Reviewer 1: Anonymous
Reviewer 2: Anonymous
Reviewer 3: Anonymous
Received: 11 February 2019 / Revised: 8 April 2019 / Accepted: 11 April 2019 / Published: 15 April 2019
(This article belongs to the Special Issue Plant Polyamines)

Round 1

Reviewer 1 Report

The present MS in well designed and written. 

Small corrections need:

in the abstract in line 22, do not start senetence with also 

in the abstract in line 23, instead of synthesis, maybe conversion is suitable

in the introduction in line 40 instead of conversion, maybe metabolism is suitable

more separated conclusion need in the end of the discussion in order to highlight the novelty.

Author Response

Dear Reviewer,


Thank you very much for your positive assessment of our manuscript.


in the abstract in line 22, do not start sentence with also.

Changed to “ furthermore”


in the abstract in line 23, instead of synthesis, maybe conversion is suitable.

We replaced synthesis by concersion


in the introduction in line 40 instead of conversion, maybe metabolism is suitable. Changed to “ metabolism”.

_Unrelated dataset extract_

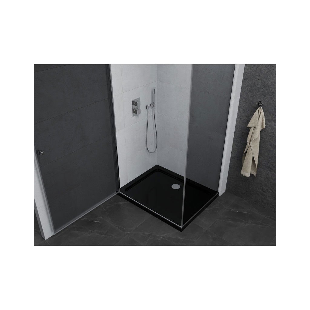 Mexen Pretoria, sprchový kout 70 (dveře) x 90 (stěna) cm, 6mm šedé sklo, chromový profil + černá sprchová vanička, 852-070-090-01-40-4070
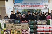 [경기탑뉴스=박봉석 기자] 영통구 매탄4동 행정복지센터는 지난 10일, 설 명절을 앞두고 지역 내 어려운 이웃들을 위한 ‘설맞이 사랑의 후원물품 전달식’을 개최하며 지역사회에 따뜻한 정을 나눴다. 이번 전달식은 매탄4동 주민자치회를 비롯한 9개 단체와 △삼성전기 △매탄농협 △오성환경 △㈜나누리 △관내 주민 등 많은 이웃들의 자발적인 참여로 마련됐다. 이날 후원받은 물품은 백미 46포, 선물세트 97세트, 김 330박스, 부식세트 39박스, 라면 15박스 등 설을 앞둔 취약가구에 실질적인 도움이 되도록 준비됐다. 특히 명절을 맞아 이웃을 먼저 떠올린 주민과 단체들의 따뜻한 마음이 이어지며, 단순히 물건을 나누는 자리를 넘어 소외된 이웃 없이 모두가 행복한 명절을 기원하는 매탄4동 공동체의 마음이 모인 자리였다. 후원물품은 관내 저소득층 480여 가구와 사회복지시설 3개소에 전달될 예정으로, 이웃들의 정성이 더해져 어느 때보다 훈훈한 설 명절이 될 것으로 기대된다. 장대현 주민자치회장은 “어려운 이웃을 위해 기부에 동참해 주신 모든 분들께 진심으로 감사드린다”며 “이웃의 마음이 전해지는 따뜻하고 온정

more separated conclusion need in the end of the discussion in order to highlight the novelty.

In the discussion part we tried to separate the topic of T-Spm homeostasis and appearance of NorSpd in Arabidopsis by SelPAO5 activity.


Reviewer 2 Report

The manuscript by GHM Sagor and collaborators ([Plants] Manuscript ID: plants-453465: "A Polyamine Oxidase from Selaginella lepidophylla (SelPAO5) Can Replace AtPAO5 in Arabidopsis Although Converting Thermospermine to Norspermidine Instead to Spermidine") describes the results of experiments aimed at testing in vivo activity of a Selaginella-derived PAO in Arabidopsis thaliana. This research team previously demonstrated in vitro thermospermine-to-norspermidine back-conversion catalytic activity for this Selaginella enzyme. Therefore, they wanted to test this activity in vivo. To do this, they introduced a Selaginella PAO5 cDNA into an Arabidopsis Atpao5-2 mutant, and verified its ability to rescue a mutant phenotype, defined as "retarded growth" in the presence of thermospermine in the medium. Using this experimental set up, they were able to show that transgenic SelPAO5 can rescue the growth defect of atpao5-2 on thermospermine-containing media. Transgenic plants were also shown to accumulate larger amounts of Put and norspermidine relative to wild type under these conditions. In fact, norspermidine was below detection in wild type Arabidopsis plants as well as mock-transformed atpao5-2 mutant seedlings. The results confirm the importance of thermospermine homeostasis for plant growth and development. It also shows that norspermidine can be produced in Arabidopsis plants expressing the Selaginella PAO5 cDNA. Finally, the authors also used translational fusions of SelPAO5 with GFP to suggest protein localization within the cytoplasm of expressing cells.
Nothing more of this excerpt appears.